Nella Larsen's first published novel, appeared in 1928 and won the Harmon Foundation's bronze medal. The New York Times Book Review proclaimed it had more “dignity” than most first novels and praised it for having a “wider outlook upon life” than writings by most African Americans. W. E. B. Du Bois declared she had published “the best piece of fiction” by an African American since Charles Waddell Chesnutt.

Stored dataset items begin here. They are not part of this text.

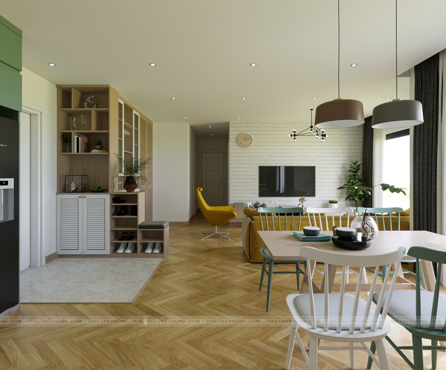 Bước vào căn hộ là toàn bộ không gian sinh hoạt chung của gia đình. Ngay cạnh cửa ra vào là tủ giày được thiết kế cao sát trần. Vuông góc là hệ thống tủ trang trí và ban thờ gia tiên. Tủ trang trí được thiết kế cánh kính trưng bày các đồ lưu niệm. Ở giữa là có giá treo ly ngược và các ô để chứa chai rượu vang. Tủ thờ gia tiên được thiết kế có cánh cửa đóng lại để đảm bảo sự yên tĩnh cho không gian thờ cúng. Kiến trúc sư không sử dụng cánh kín mà sử dụng cánh nan để vẫn đảm bảo sự thông thoáng.
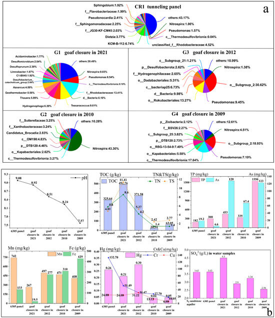 - Goafs were the critical zones of mine water pollution prevention and control. Compared with a tunneling panel, the bacteria with a sulfate reduction function (SRB) had relatively higher proportions in goafs, and the functions of sulfate respiration and respiration of sulfur compounds were highest in the goaf closed in 2021. In addition, with the increase in goaf closure time, the concentration of the characteristic pollutant SO42− in water samples decreased, while As and Fe in sediments increased, suggesting that goafs were able to purify themselves. The small-molecule organic matter released from coal could also provide a continuous carbon source for SRB. Therefore, microbial treatment technologies such as artificial enhancement of SRB reducing sulfate could be applied to remediate groundwater pollution in coal mine areas.
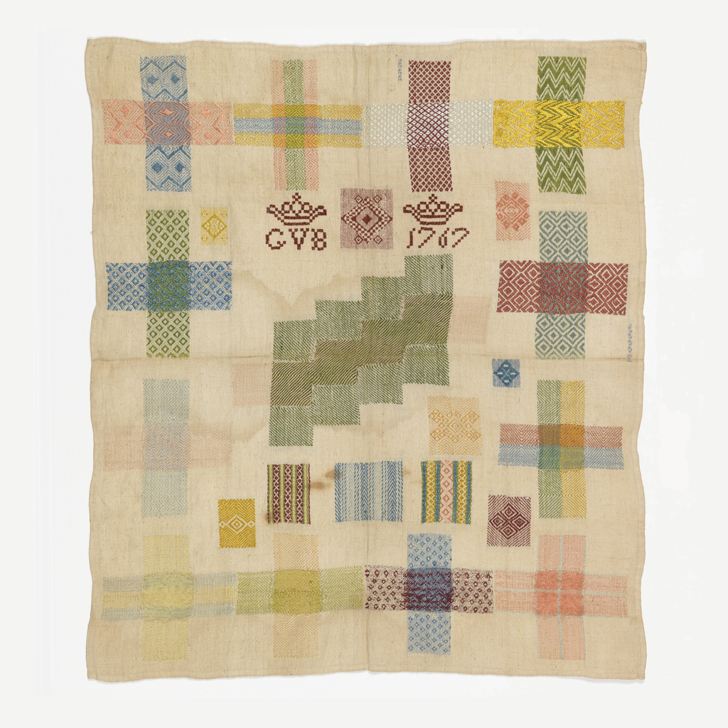 This is a Darning sampler. It is dated 1767 and we acquired it in 1981. Its medium is silk embroidery on linen foundation and its technique is embroidered in running (pattern darning) and eyelet stitches on plain weave foundation. It is a part of the Textiles department.
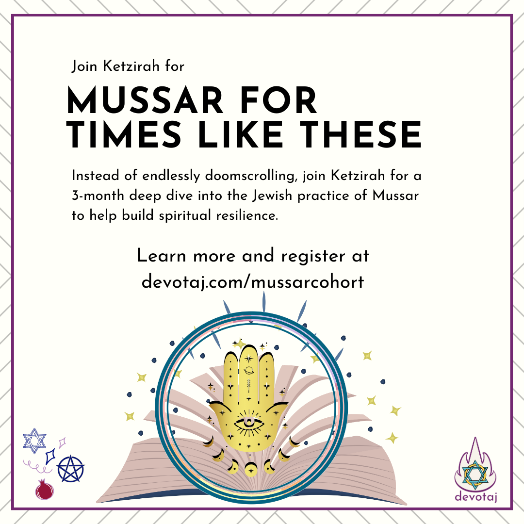 Join Ketzirah for a 3-month deep dive into the practice of Mussar to help build resilience for times like these, and those, and the ones that come after that designed for Jewish witches and witchy Jews (and those who are witch-curious too).
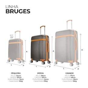 A mala média de viagem Bruges possui 66 cm de altura, 40 cm de largura e 24 cm de profundidade.
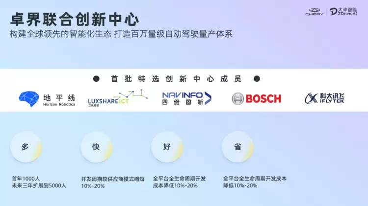发布会上,大卓智能宣布,和博世、地平线、科大讯飞、立讯精密、四维图新,成立“卓界联合创新中心”。这是继年初“大卓智能生态创新联盟”成立后,大卓智能锚定全面产业化目标,积极进行生态圈建设的又一关键举措。从自主开发到核心自研、全栈可控,大卓协同核心伙伴,打造从产品到技术开发,到量产交付再到数据运营的全价值链条,为奇瑞智能化的新征程提供强有力的动力支撑。
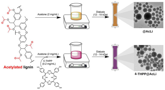 - Marchand, G.; Fabre, G.; Maldonado-Carmona, N.; Villandier, N.; Leroy-Lhez, S. Acetylated lignin nanoparticles as a possible vehicle for photosensitizing molecules. Nanoscale Adv. 2020, 2, 5648–5658. [Google Scholar] [CrossRef] [PubMed]
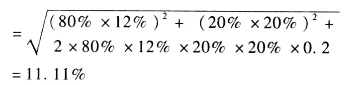 - B 、如果相關(guān)系數(shù)為1,則組合標(biāo)準(zhǔn)差為11%
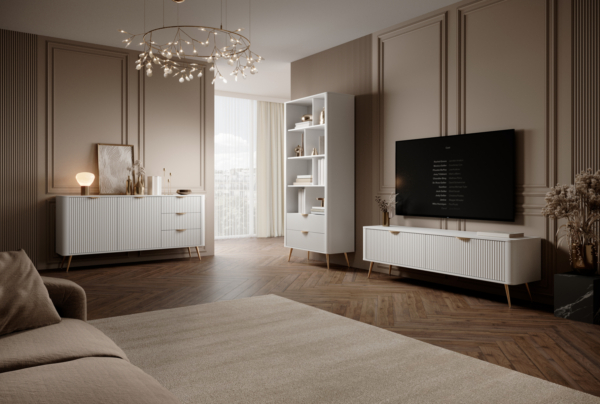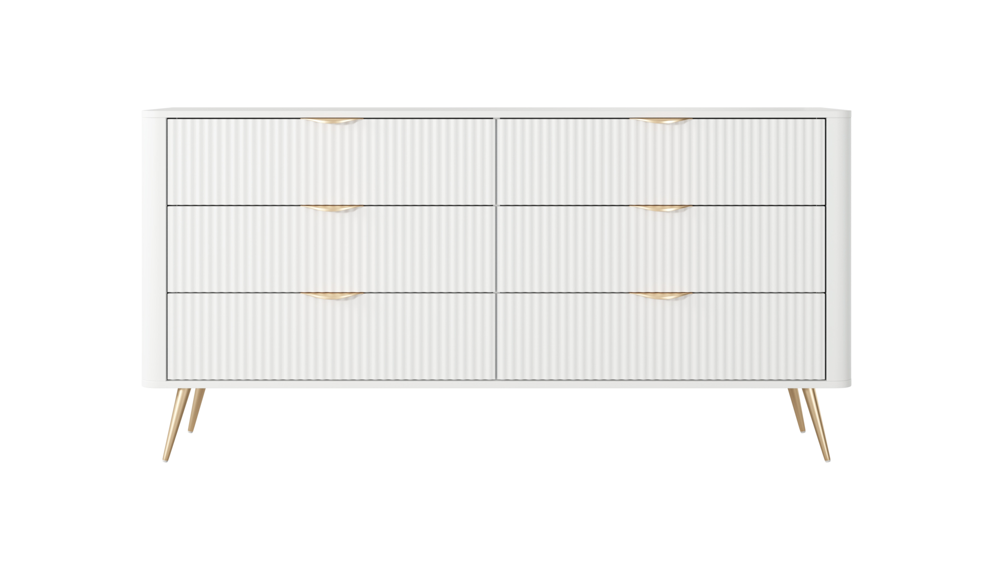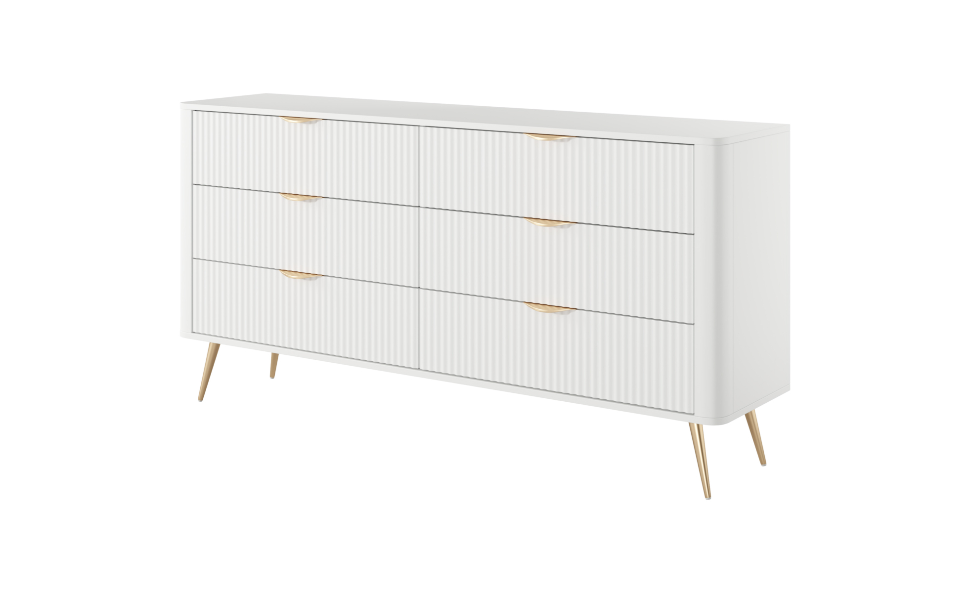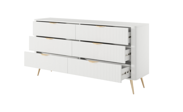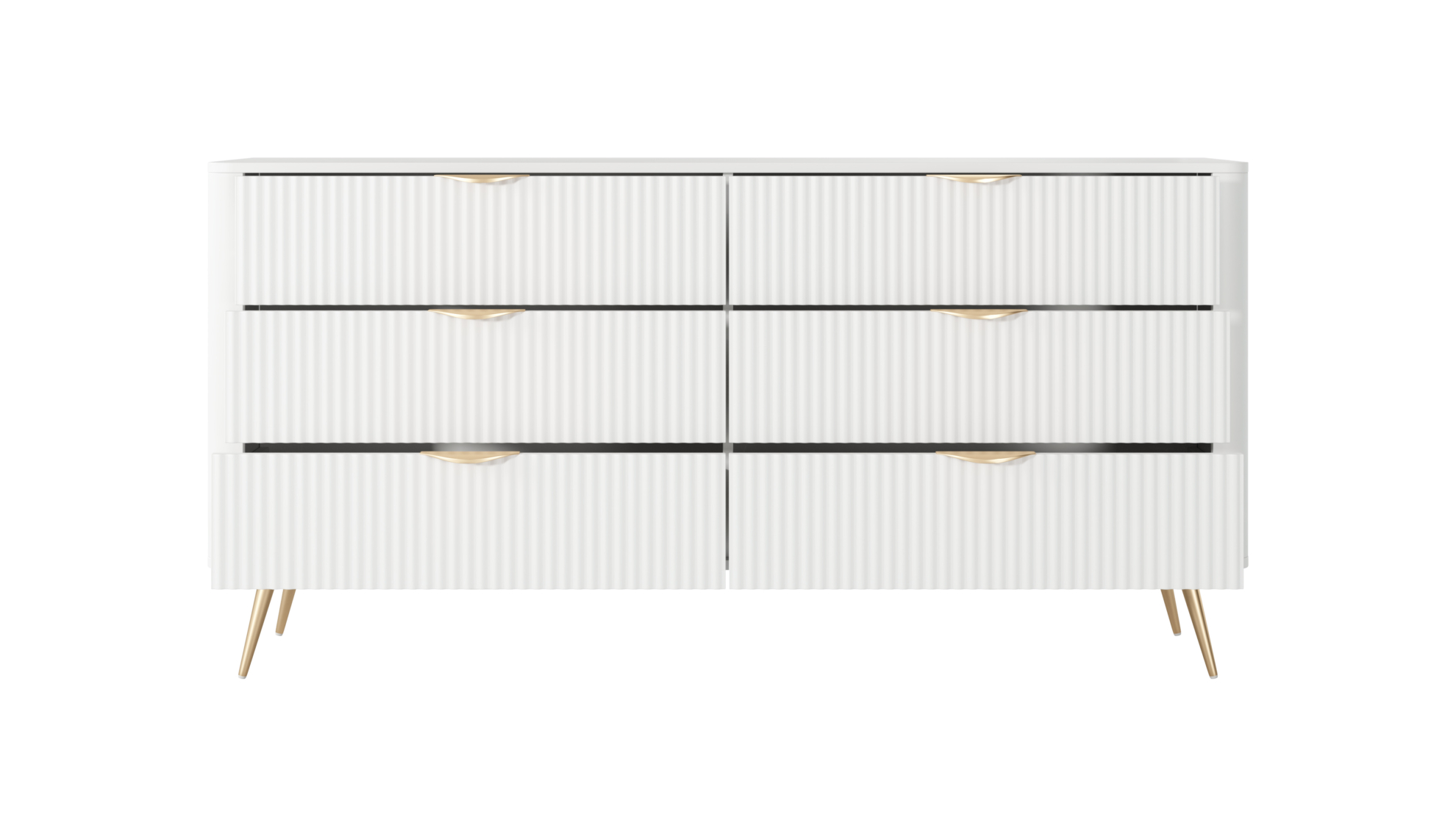 SONTE komoda su šešiais stalčiais – tai praktiškas baldas, kuriame patogiai susidėsite drabužius, dokumentus ar kitus daiktus. Šviesi balta spalva kartu su aukso spalvos akcentais suteikia modernumo ir subtilios prabangos.
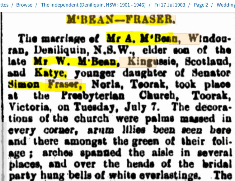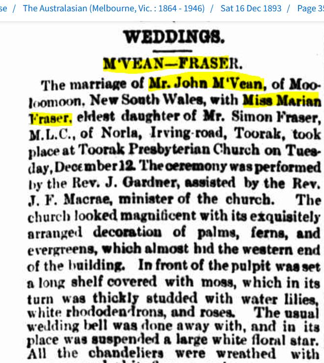 Wow! Even though I have had a copy of this article on the Were-Macvean wedding for ages, I hadn’t put any of this together. This is all new information for me, and a great surprise, especially after spending a couple of months researching Marion, John and Norla without so much as a hint of the connection coming up.

Quicksand is the story of Helga Crane, whose mixed heritage (she is the daughter of a Danish American mother and an African American father) complicates her quest for security and self-realization. When the novel begins, Helga Crane has achieved high status as a teacher at Naxos (an African American college modeled after Tuskegee) and seems set for social success as the fiancée of James Vayle, a solid member of the Atlanta African American bourgeoisie. But she is dissatisfied. She quits her job, breaks off her engagement, and travels to Chicago hoping to be welcomed into the family of her Danish American uncle. Uncle Peter's new wife rebuffs Helga at the door. Alone and nearly broke, Helga finally obtains employment as a travel companion to Mrs. Hayes-Rore, an African American activist en route to New York. Hayes-Rore introduces Helga to Anne Gray, a wealthy Harlem widow who becomes her next benefactor. Though Helga lands a respectable job and is welcomed into Harlem middle-class society, she soon becomes dissatisfied again. Her quest this time takes her to Copenhagen, where her Danish relatives not only welcome but flaunt their dark family member, and for two years, Helga is feted. Alex Olsen, a socially prominent Danish artist, asks Helga to become his mistress, and when she rejects this proposition he proposes marriage; but Helga is now tired of being an exotic, rare specimen and returns to Harlem. Not long after her return, she discovers that Anne Gray is going to marry Dr. Robert Anderson, a man who has always provoked ambiguous but powerful passions in Helga. After an embarrassing incident with Robert, Helga despairs of ever finding happiness. Wandering about in a stormy night, she seeks refuge in a storefront church, where she has a conversion experience and meets the Reverend Mr. Pleasant Green. She marries this uneducated country preacher and returns with him to Alabama, where she has three children in twenty months.
Some critics find the novel's conclusion weak and ambiguous, but they generally praise its narrative unity and lush, evocative detail. They variously describe the tone of Quicksand as “wistful,” “zestful,” and “bitter” but generally agree that the book offers a pioneering psychological portrayal of a modern woman from a perspective that recognizes the inextricability of race, class, and gender. Scholars recognize the book as revising the stereotypes of the tragic mulatta and as providing one of the first serious considerations of both the limitations and the privileges of aspiring to the African American middle class. In her concern with gender and class, Larsen is often compared to Jessie Redmon Fauset and Dorothy West. Her interest in the particularities of race and sexuality also places her in conversation with Jean Toomer and Claude McKay.